*DATA PROVIDED*
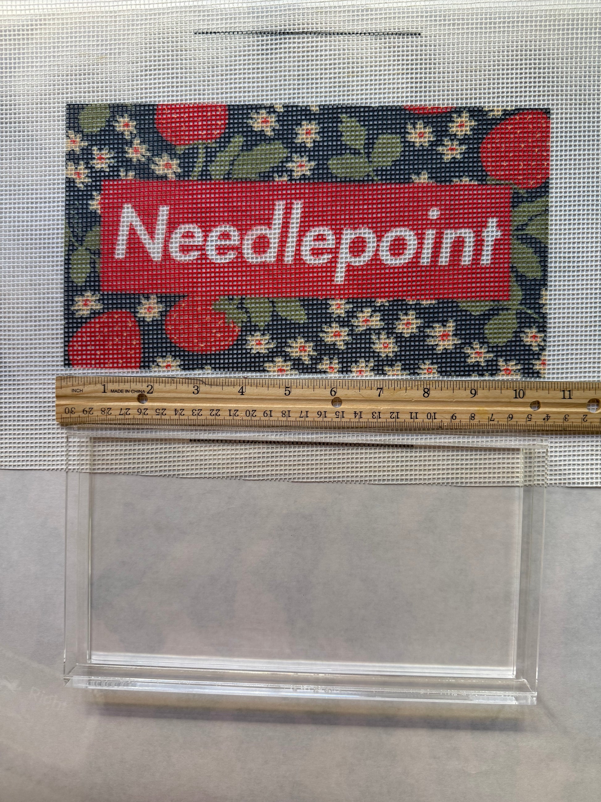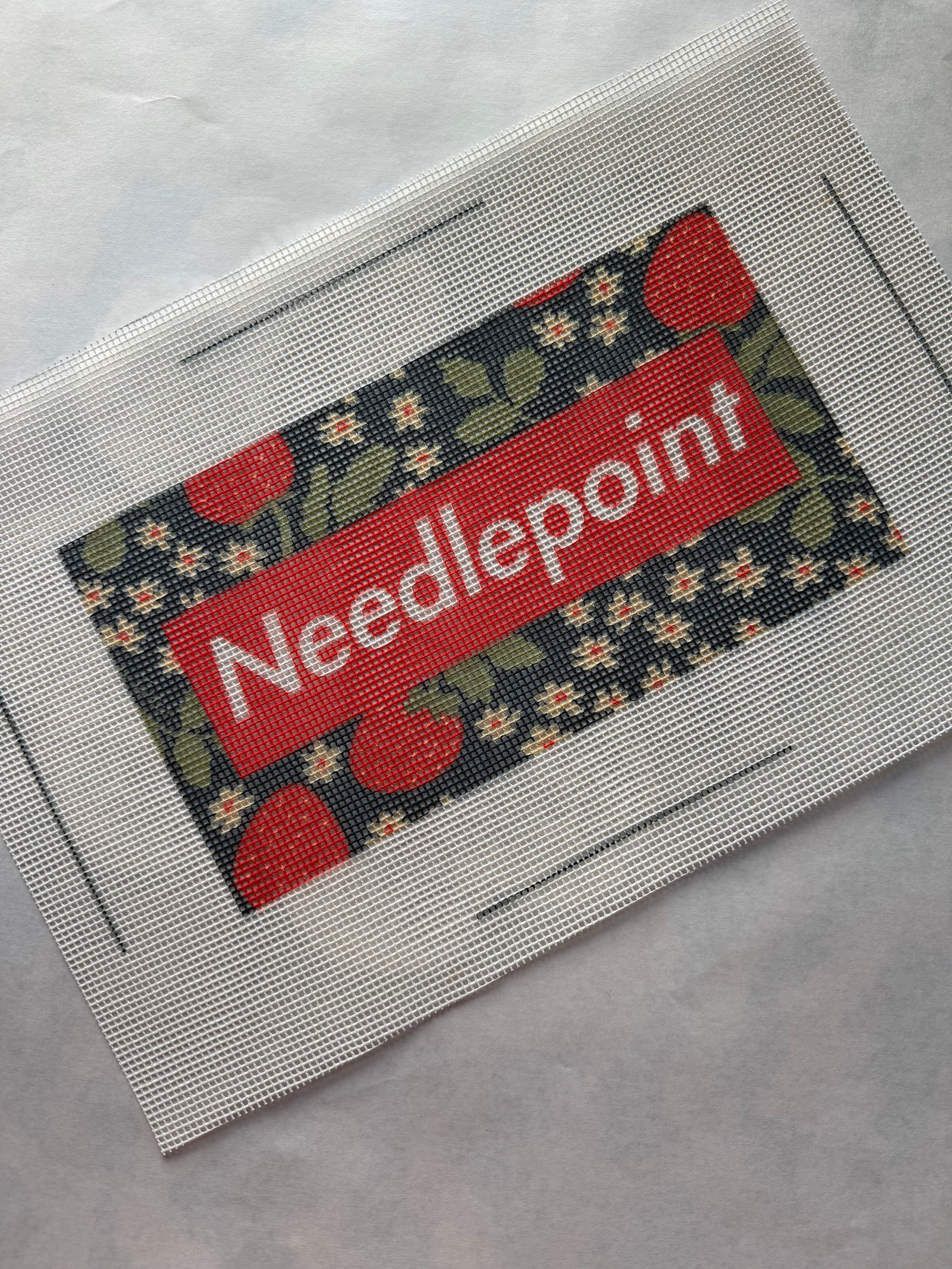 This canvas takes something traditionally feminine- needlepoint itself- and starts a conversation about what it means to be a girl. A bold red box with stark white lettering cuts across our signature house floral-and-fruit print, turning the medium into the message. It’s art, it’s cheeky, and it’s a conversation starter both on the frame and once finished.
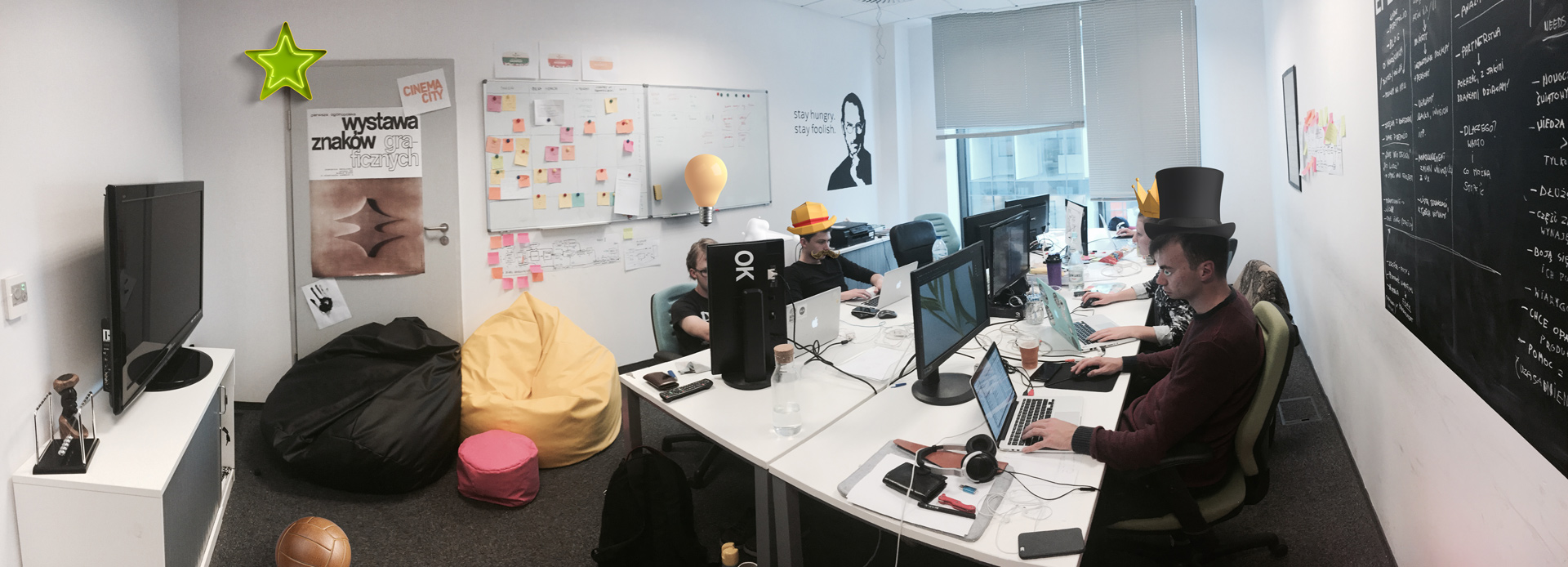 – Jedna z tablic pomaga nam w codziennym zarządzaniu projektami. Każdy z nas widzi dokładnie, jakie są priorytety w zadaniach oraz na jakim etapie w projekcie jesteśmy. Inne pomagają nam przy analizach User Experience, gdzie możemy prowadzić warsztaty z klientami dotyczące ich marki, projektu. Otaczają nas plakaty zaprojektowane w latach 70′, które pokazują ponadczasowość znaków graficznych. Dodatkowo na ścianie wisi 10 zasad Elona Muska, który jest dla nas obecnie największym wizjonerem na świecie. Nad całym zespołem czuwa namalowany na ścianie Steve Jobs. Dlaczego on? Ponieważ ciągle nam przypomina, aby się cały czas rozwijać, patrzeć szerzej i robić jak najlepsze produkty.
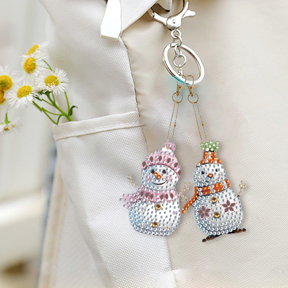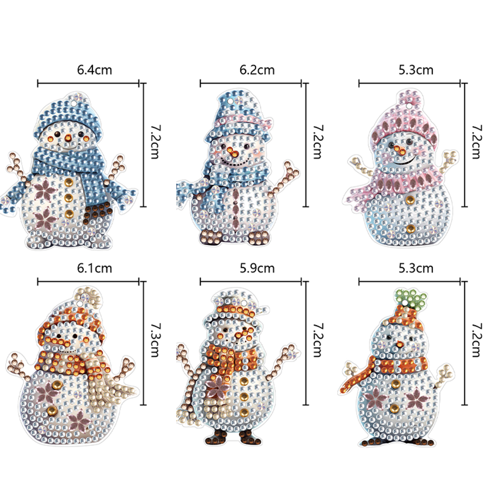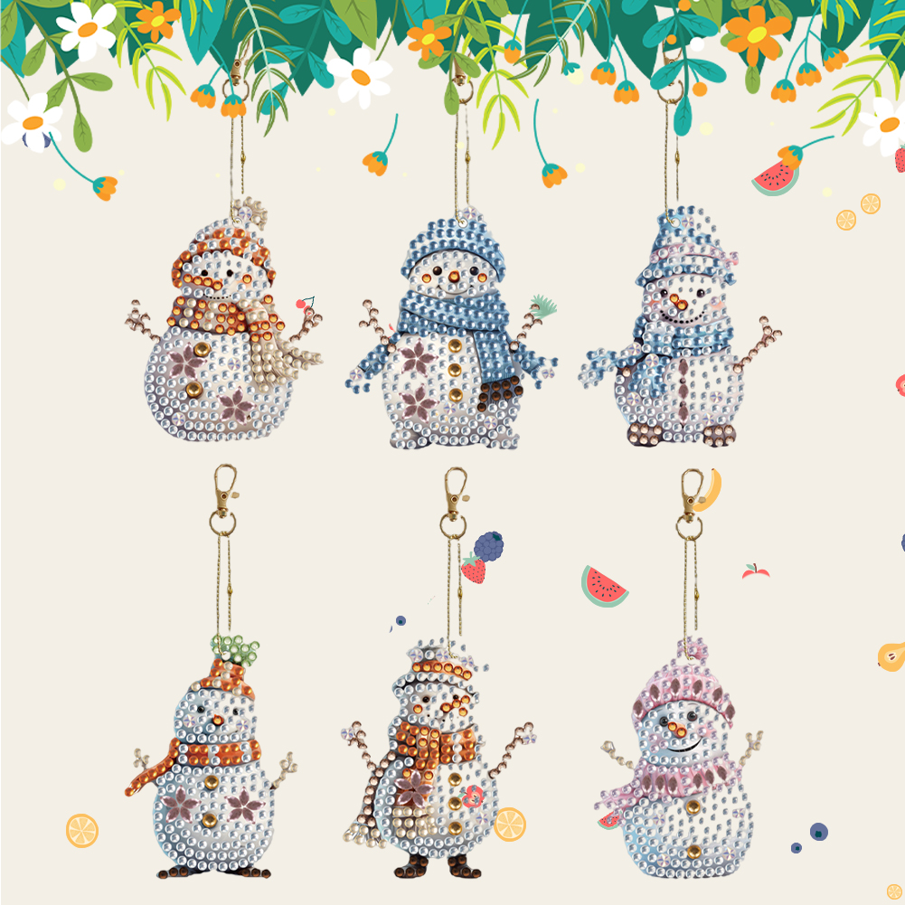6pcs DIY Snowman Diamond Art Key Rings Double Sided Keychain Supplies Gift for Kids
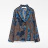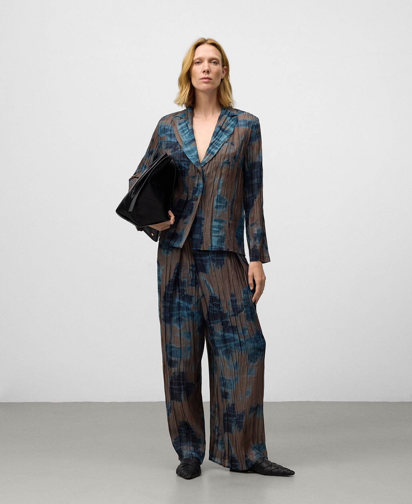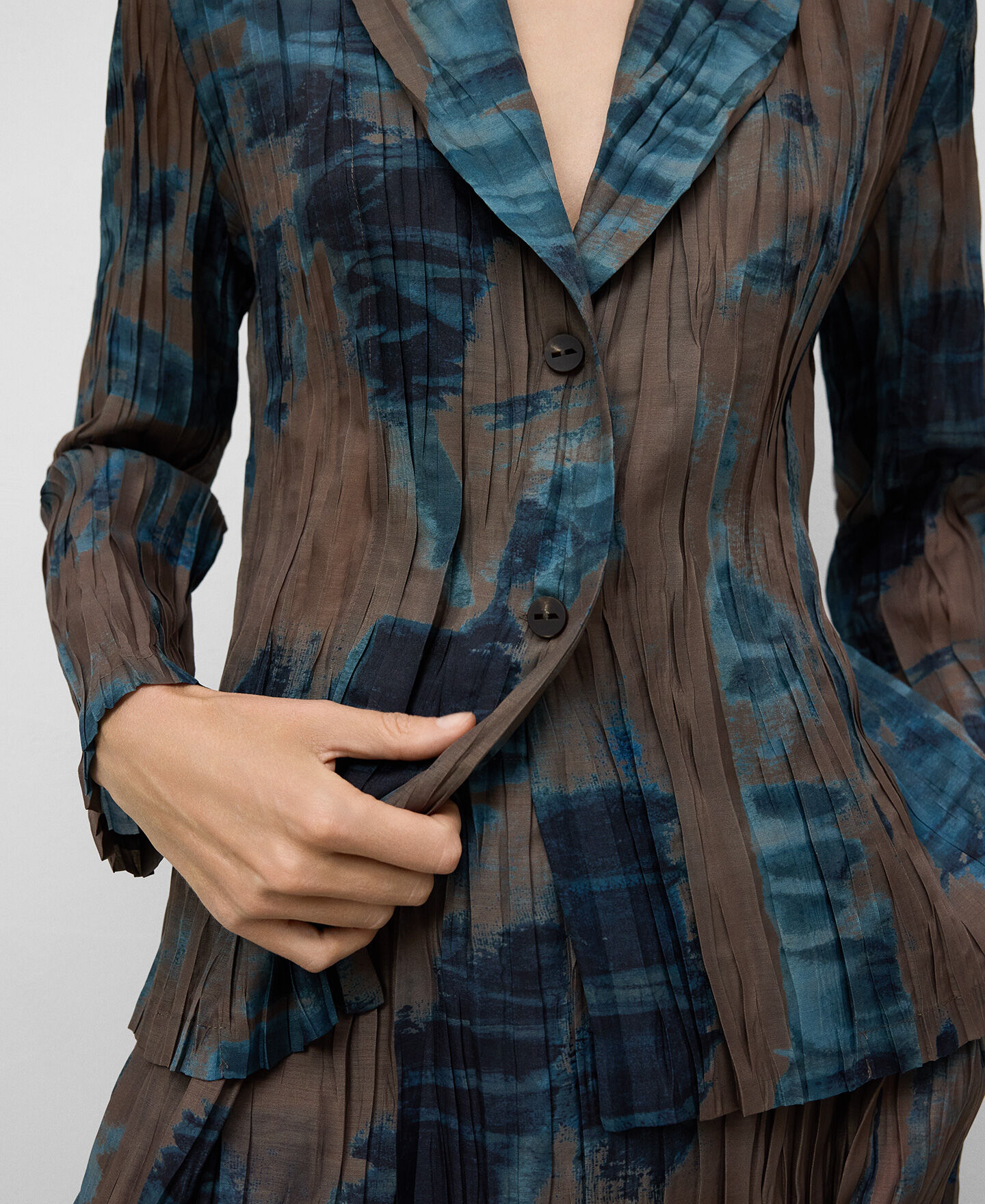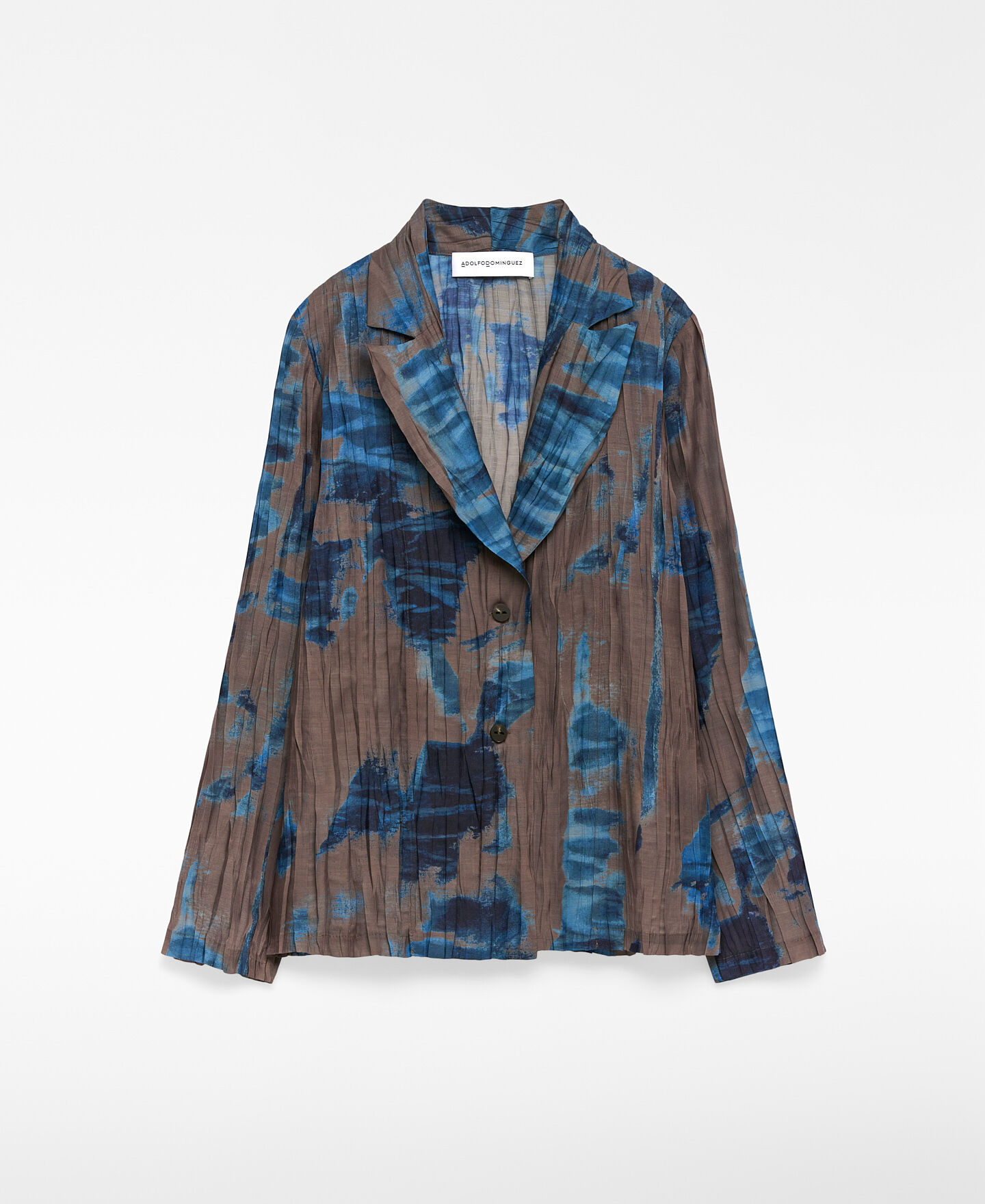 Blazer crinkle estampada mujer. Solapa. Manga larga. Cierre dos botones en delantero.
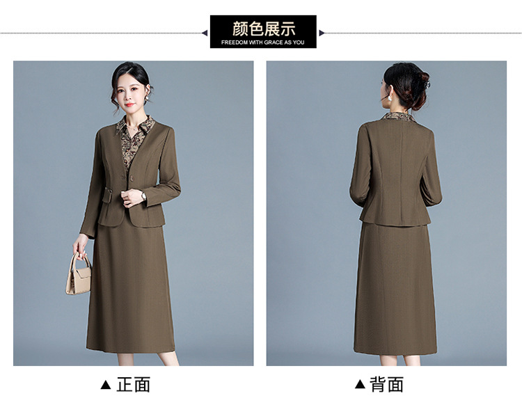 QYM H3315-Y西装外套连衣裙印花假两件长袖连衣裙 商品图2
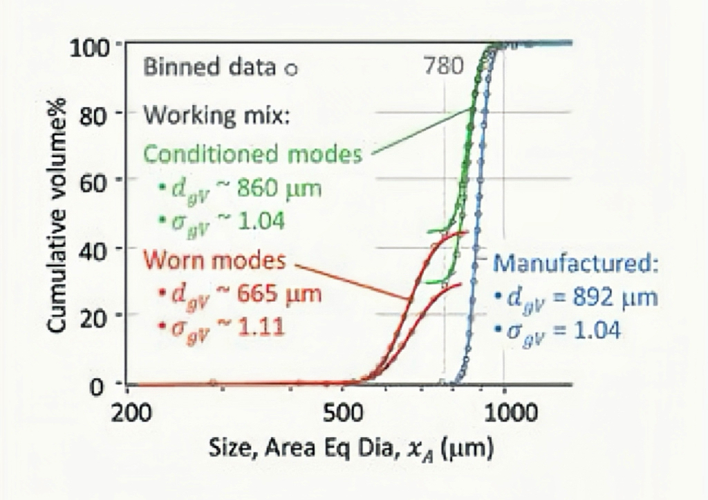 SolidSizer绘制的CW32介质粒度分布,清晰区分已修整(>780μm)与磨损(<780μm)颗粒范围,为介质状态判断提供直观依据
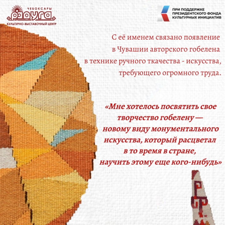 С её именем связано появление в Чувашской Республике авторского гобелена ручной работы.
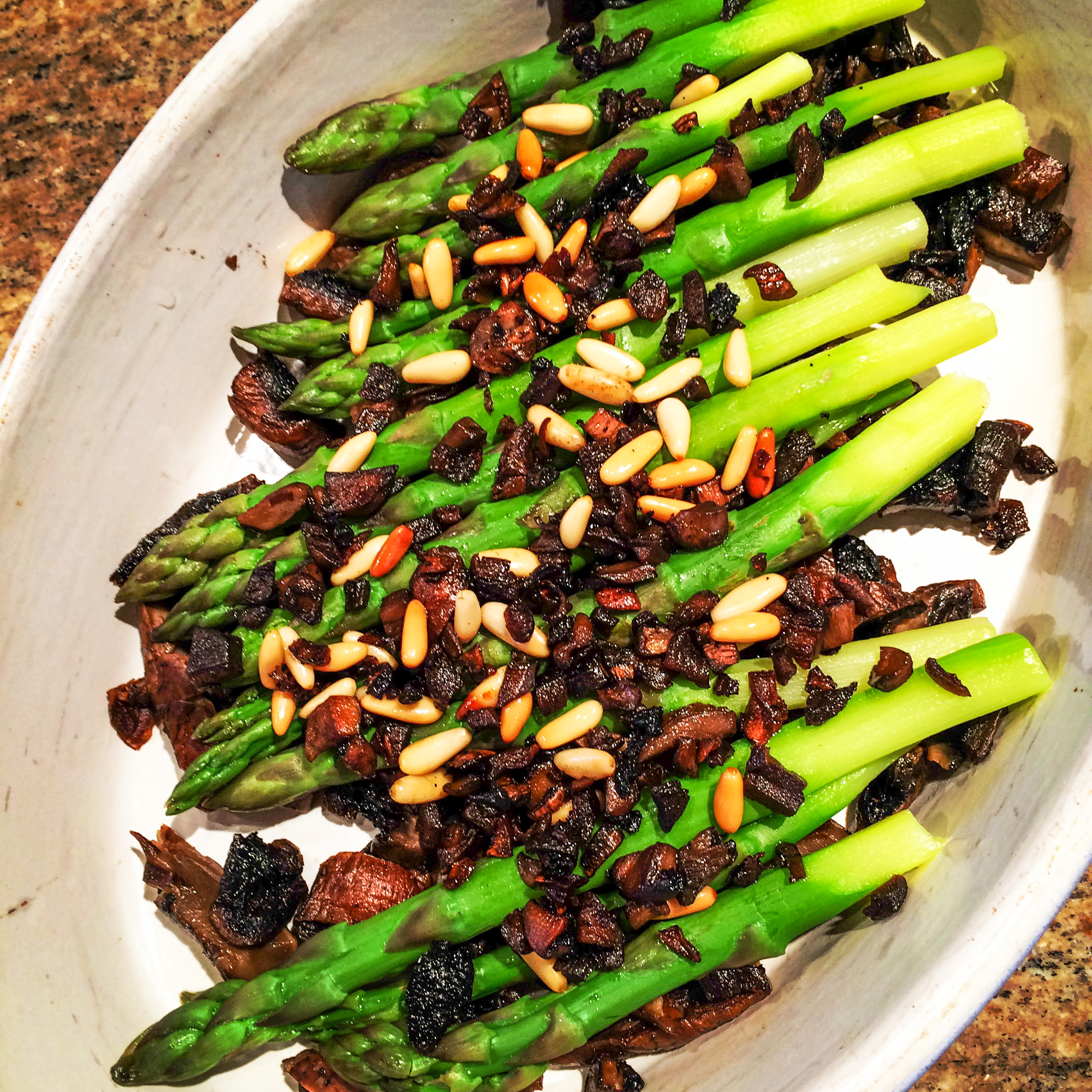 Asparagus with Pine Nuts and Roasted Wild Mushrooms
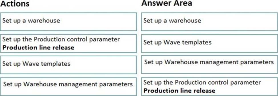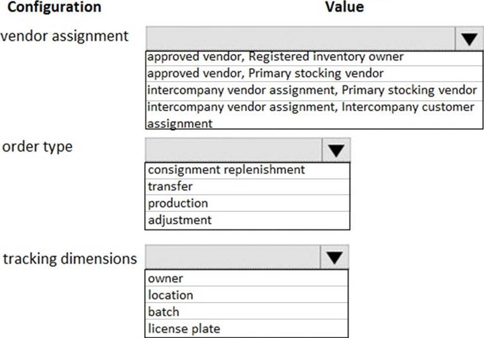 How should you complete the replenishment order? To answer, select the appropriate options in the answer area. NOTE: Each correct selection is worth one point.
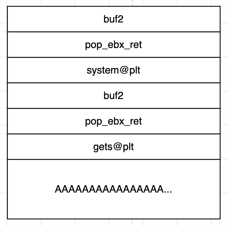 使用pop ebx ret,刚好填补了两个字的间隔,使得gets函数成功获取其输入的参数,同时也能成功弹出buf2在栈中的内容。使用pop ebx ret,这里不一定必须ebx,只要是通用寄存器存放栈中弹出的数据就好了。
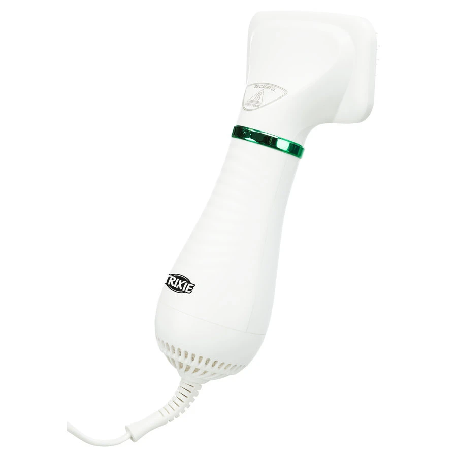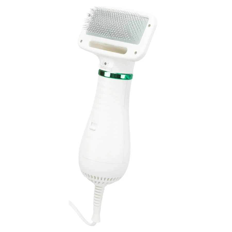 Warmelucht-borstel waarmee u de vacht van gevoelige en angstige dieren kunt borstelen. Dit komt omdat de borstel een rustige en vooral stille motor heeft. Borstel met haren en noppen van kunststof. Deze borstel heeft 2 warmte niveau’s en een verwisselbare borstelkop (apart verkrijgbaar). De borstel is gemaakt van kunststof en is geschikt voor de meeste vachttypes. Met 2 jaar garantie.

*TO DO*
Take the material above from its first line through the line that has "SolidSizer绘制的C" and copy it exactly, without any pictures.

*WRITTEN REPLY*
 This canvas takes something traditionally feminine- needlepoint itself- and starts a conversation about what it means to be a girl. A bold red box with stark white lettering cuts across our signature house floral-and-fruit print, turning the medium into the message. It’s art, it’s cheeky, and it’s a conversation starter both on the frame and once finished.
 – Jedna z tablic pomaga nam w codziennym zarządzaniu projektami. Każdy z nas widzi dokładnie, jakie są priorytety w zadaniach oraz na jakim etapie w projekcie jesteśmy. Inne pomagają nam przy analizach User Experience, gdzie możemy prowadzić warsztaty z klientami dotyczące ich marki, projektu. Otaczają nas plakaty zaprojektowane w latach 70′, które pokazują ponadczasowość znaków graficznych. Dodatkowo na ścianie wisi 10 zasad Elona Muska, który jest dla nas obecnie największym wizjonerem na świecie. Nad całym zespołem czuwa namalowany na ścianie Steve Jobs. Dlaczego on? Ponieważ ciągle nam przypomina, aby się cały czas rozwijać, patrzeć szerzej i robić jak najlepsze produkty.
6pcs DIY Snowman Diamond Art Key Rings Double Sided Keychain Supplies Gift for Kids
 Blazer crinkle estampada mujer. Solapa. Manga larga. Cierre dos botones en delantero.
 QYM H3315-Y西装外套连衣裙印花假两件长袖连衣裙 商品图2
 SolidSizer绘制的CW32介质粒度分布,清晰区分已修整(>780μm)与磨损(<780μm)颗粒范围,为介质状态判断提供直观依据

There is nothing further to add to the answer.